Fears that a fire on a Boeing 787 at Heathrow last Friday could provoke wide concern among passengers appear unfounded.
Heathrow’s runways were closed after smoke filled a parked Ethiopian Airlines Dreamliner. The UK Air Accident Investigation Branch subsequently reported “extensive heat damage” in part of the rear fuselage.
By coincidence, a Thomson Airways 787 bound for Orlando the same day turned back because of a technical problem soon after take-off from Manchester. The incidents were linked in media reports.
Thomson’s long-haul 787 operation only began last week. The world’s Dreamliners returned to the air in May after being grounded for three months because of a risk of its batteries overheating.
Thomson Holidays’ Facebook page drew comments from nervous fliers, with one saying: “I don’t want to fly on that plane.” But
Thomson stressed: “We’ve not seen any increase in call volume.”
Agents also reported no evidence of customer concern. Emma Palfry, sales consultant at Miss Ellies Travel in Manchester, said: “People are not worried about it.”

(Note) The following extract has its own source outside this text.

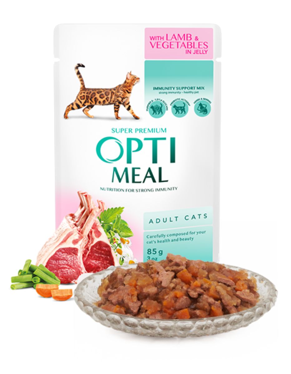 Optimeal Pouch Adult Cat with Lamb and Veggies in Jelly (0.85kg) - Пълноценна консервирана храна за котенца (Пауч) с агнешко и зеленчуци в желе

Investigators announced “no evidence” of the Ethiopian aircraft’s batteries being to blame and appeared to focus on an emergency transmitter which is not specific to the Dreamliner.
Thomson declined to identify the cause of its 787 turning back but said: “None of the parts replaced were battery related.”
British Airways took delivery of its first 787s last month and a spokesman said: “We’ve every intention of putting them into service on September 1.”